Liste d’attesa nella sanità, i numeri del Friuli: ortopedia maglia nera

Liste d’attesa nella sanità in Friuli Venezia Giulia.

Le liste d’attesa della sanità restano l’emergenza numero uno della sanità italiana, e il Friuli Venezia Giulia presenta luci e ombre. I nuovi dati della Piattaforma nazionale voluta dal ministero della Salute e presentati da Orazio Schillaci, come sottolinea Il Sole 24 Ore fotografano un Paese ancora spaccato in due: Nord mediamente più performante, Sud in affanno, con punte che superano gli 800 giorni per alcuni esami diagnostici.

In questo quadro il Friuli Venezia Giulia si colloca in una posizione intermedia: lontano dalle criticità estreme di Puglia e Abruzzo, ma con un campanello d’allarme che riguarda in particolare le visite ortopediche.

Il dato che preoccupa: ortopedia in “alert”.

Secondo i numeri relativi al 2025, per la prima visita ortopedica il Friuli Venezia Giulia registra una quota di ritardi gravi (“alert”) pari al 47%, la più alta tra le Regioni per questa prestazione.

Nel dettaglio, tra le strutture segnalate compare anche l’Azienda Sanitaria Universitaria Friuli Centrale, con tempi medi che superano ampiamente i limiti previsti per le prestazioni programmabili (120 giorni, in alcune Regioni 180). Il dato percentuale non indica solo il superamento dei tempi massimi, ma “pesa” la gravità del ritardo in relazione alla priorità clinica prescritta dal medico.

Il confronto con il resto d’Italia.

Mentre in regioni come il Veneto gli “alert” sono ridotti al minimo (3% per la colonscopia, 1% per la visita cardiologica), nel Mezzogiorno si toccano livelli ben più critici. In Puglia, ad esempio, alcune strutture superano l’80% di ritardi gravi su diverse prestazioni.

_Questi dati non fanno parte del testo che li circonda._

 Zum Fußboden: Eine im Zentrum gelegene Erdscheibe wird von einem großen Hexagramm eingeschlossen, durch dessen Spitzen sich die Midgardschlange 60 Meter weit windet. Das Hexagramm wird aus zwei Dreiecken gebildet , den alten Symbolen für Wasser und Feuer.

Il Friuli Venezia Giulia, al contrario, non compare tra le Regioni con le peggiori performance per esami come colonscopia, gastroscopia o Tac torace. Questo indica un sistema che, pur sotto pressione, mantiene una tenuta complessiva migliore rispetto alle aree più in difficoltà.

Ma il dato sull’ortopedia suggerisce un nodo organizzativo specifico, probabilmente legato all’elevata domanda (invecchiamento della popolazione, patologie degenerative) e alla carenza di specialisti.

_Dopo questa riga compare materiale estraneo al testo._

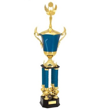 42 inch blue and gold two-tier trophy with columns and cup – 416

Intramoenia: il divario tra pubblico e pagamento.

Un elemento che emerge con forza dal monitoraggio nazionale è il confronto tra attesa nel Servizio sanitario e libera professione intramoenia. Laddove nel pubblico si attendono mesi, spesso pagando si ottiene la prestazione in pochi giorni.

Il ministro Schillaci ha ribadito che l’intramoenia non può superare l’attività garantita dal Ssn e che spetta ai direttori generali vigilare, arrivando se necessario alla sospensione. Inoltre, la normativa prevede che, in caso di superamento dei tempi massimi, il cittadino possa ottenere la prestazione in intramoenia pagando solo il ticket. Una possibilità ancora poco conosciuta e applicata in modo disomogeneo.

Sei milioni di rinunce in Italia.

A livello nazionale il fenomeno è imponente: circa sei milioni di italiani hanno rinunciato a curarsi, soprattutto a causa delle liste d’attesa. Un dato che pesa anche in una Regione di dimensioni contenute come il Friuli Venezia Giulia, dove il rapporto di fiducia tra cittadini e sistema sanitario è sempre stato uno dei punti di forza.